▶ [WHAT IS BEING ASKED]: In the data below, the answer is the run of lines from the line containing "The product is" through the line containing "板块方面,智能电视、婴童概念", both included; print it exactly and nothing else.
[[ DATA UNDER STUDY, beginning ]]
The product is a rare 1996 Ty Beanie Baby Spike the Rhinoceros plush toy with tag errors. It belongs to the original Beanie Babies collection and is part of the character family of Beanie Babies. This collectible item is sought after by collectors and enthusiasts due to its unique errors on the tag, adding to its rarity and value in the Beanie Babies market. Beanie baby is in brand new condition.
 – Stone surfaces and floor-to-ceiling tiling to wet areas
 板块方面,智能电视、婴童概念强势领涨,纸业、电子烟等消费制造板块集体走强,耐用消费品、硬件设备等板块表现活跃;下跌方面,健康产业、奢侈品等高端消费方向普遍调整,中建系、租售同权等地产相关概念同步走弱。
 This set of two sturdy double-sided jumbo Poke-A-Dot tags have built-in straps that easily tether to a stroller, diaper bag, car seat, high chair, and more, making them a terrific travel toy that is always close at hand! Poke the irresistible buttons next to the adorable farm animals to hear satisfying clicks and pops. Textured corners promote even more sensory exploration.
[[ DATA UNDER STUDY, end ]]
[[ DATA UNDER STUDY, beginning ]]
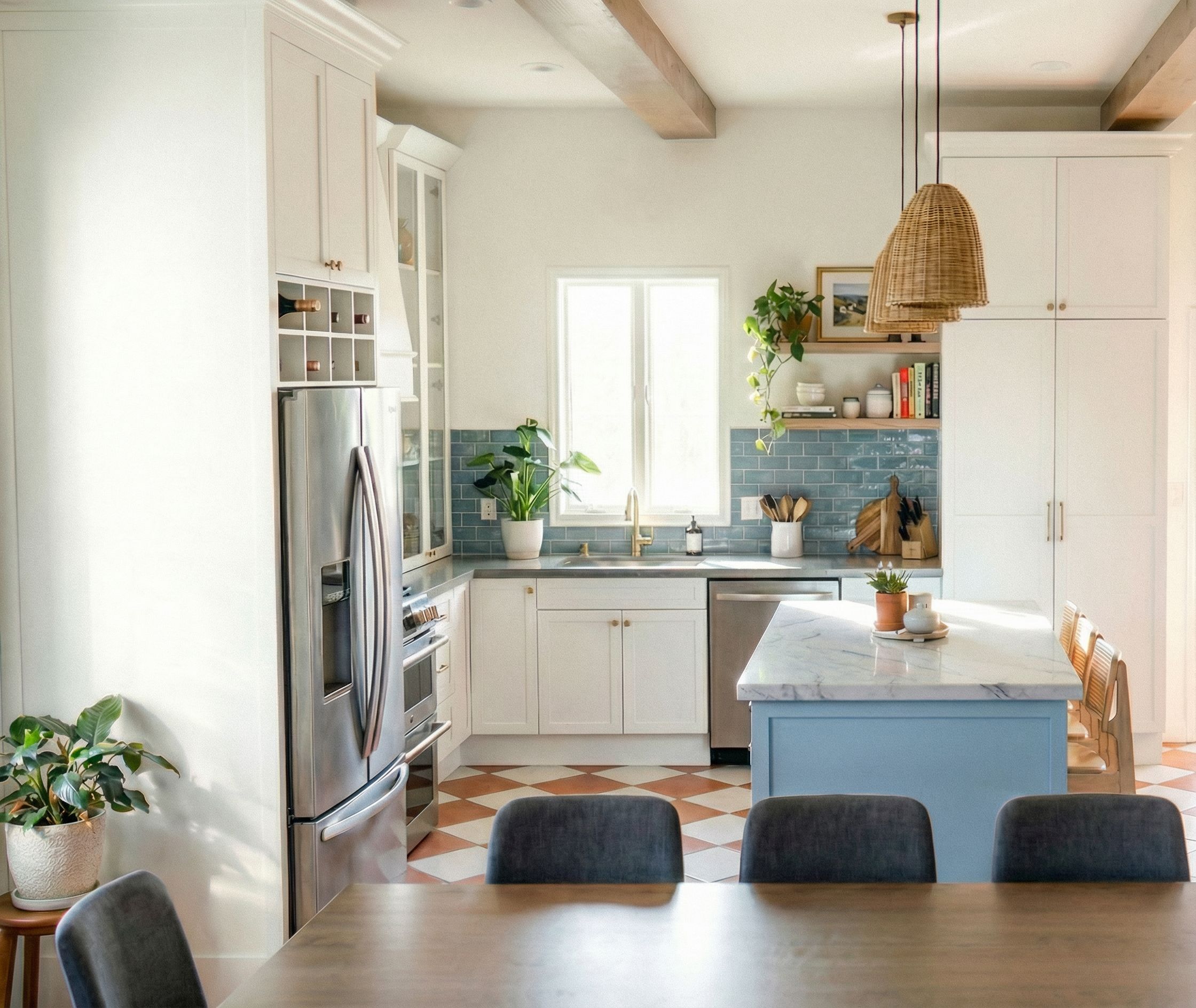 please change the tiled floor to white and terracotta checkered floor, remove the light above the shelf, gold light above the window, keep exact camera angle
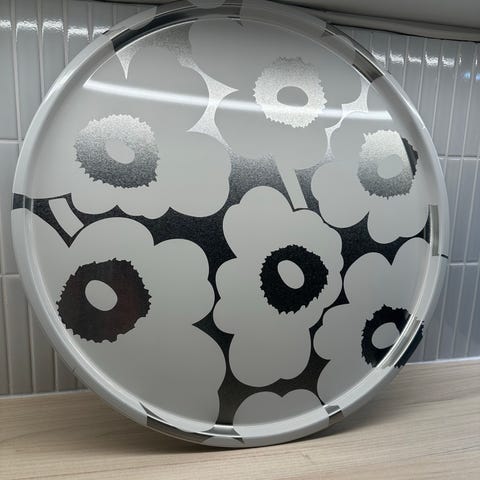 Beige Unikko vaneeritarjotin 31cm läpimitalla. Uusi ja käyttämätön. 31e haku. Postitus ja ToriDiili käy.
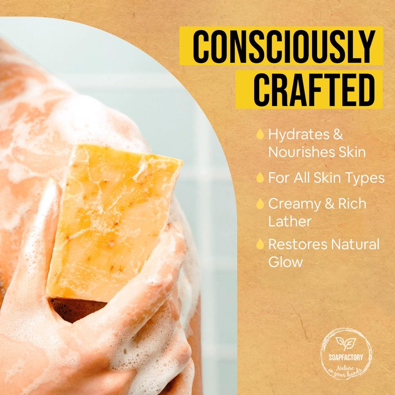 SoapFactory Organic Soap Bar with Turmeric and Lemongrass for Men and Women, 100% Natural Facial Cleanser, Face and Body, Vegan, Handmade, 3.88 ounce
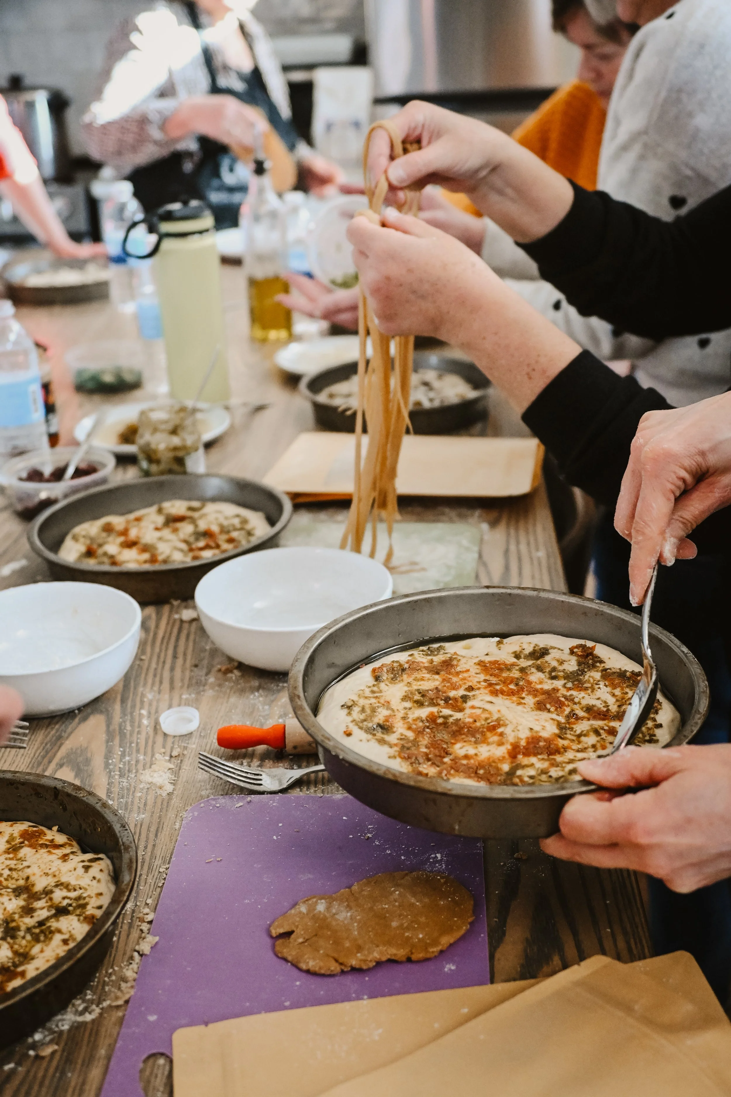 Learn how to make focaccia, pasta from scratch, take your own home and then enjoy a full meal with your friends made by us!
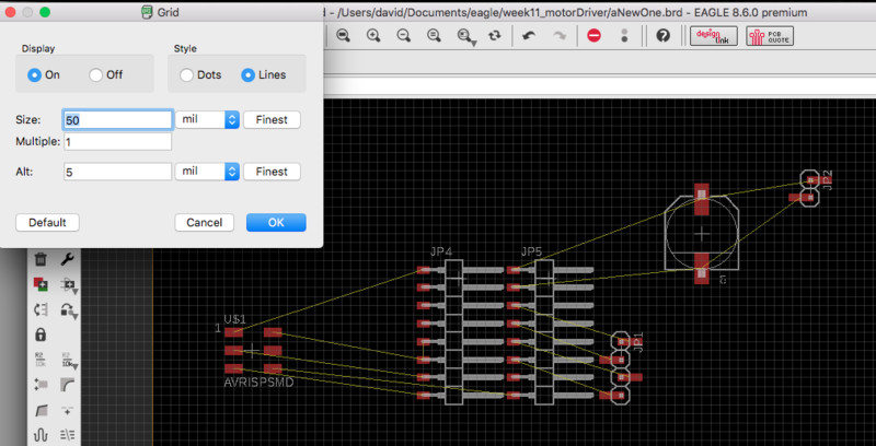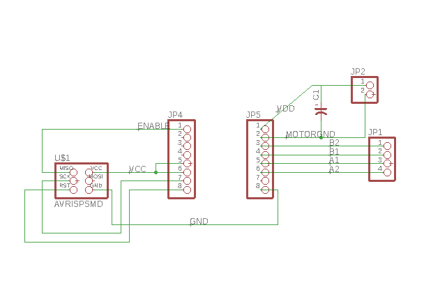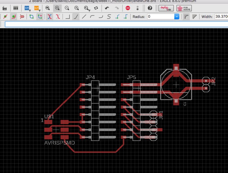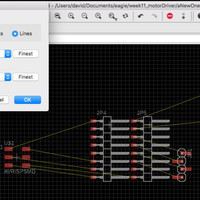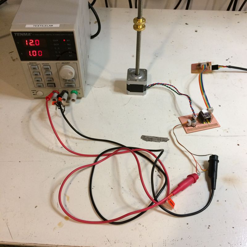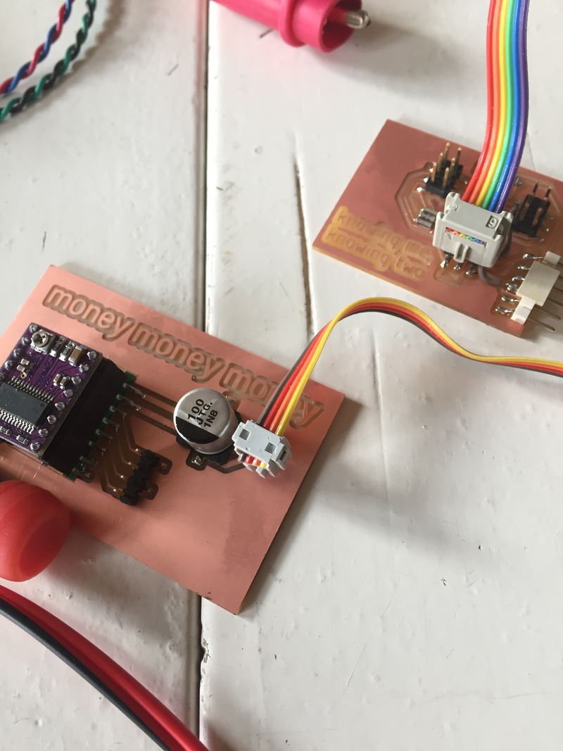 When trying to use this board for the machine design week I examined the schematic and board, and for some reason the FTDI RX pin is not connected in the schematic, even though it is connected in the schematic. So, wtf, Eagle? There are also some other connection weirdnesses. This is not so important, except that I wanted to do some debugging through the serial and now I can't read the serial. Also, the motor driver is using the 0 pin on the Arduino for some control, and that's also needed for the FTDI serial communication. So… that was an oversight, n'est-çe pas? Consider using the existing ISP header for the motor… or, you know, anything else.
[[ DATA UNDER STUDY, end ]]
▶ [ANSWER FOR THIS EXERCISE]:
The product is a rare 1996 Ty Beanie Baby Spike the Rhinoceros plush toy with tag errors. It belongs to the original Beanie Babies collection and is part of the character family of Beanie Babies. This collectible item is sought after by collectors and enthusiasts due to its unique errors on the tag, adding to its rarity and value in the Beanie Babies market. Beanie baby is in brand new condition.
 – Stone surfaces and floor-to-ceiling tiling to wet areas
 板块方面,智能电视、婴童概念强势领涨,纸业、电子烟等消费制造板块集体走强,耐用消费品、硬件设备等板块表现活跃;下跌方面,健康产业、奢侈品等高端消费方向普遍调整,中建系、租售同权等地产相关概念同步走弱。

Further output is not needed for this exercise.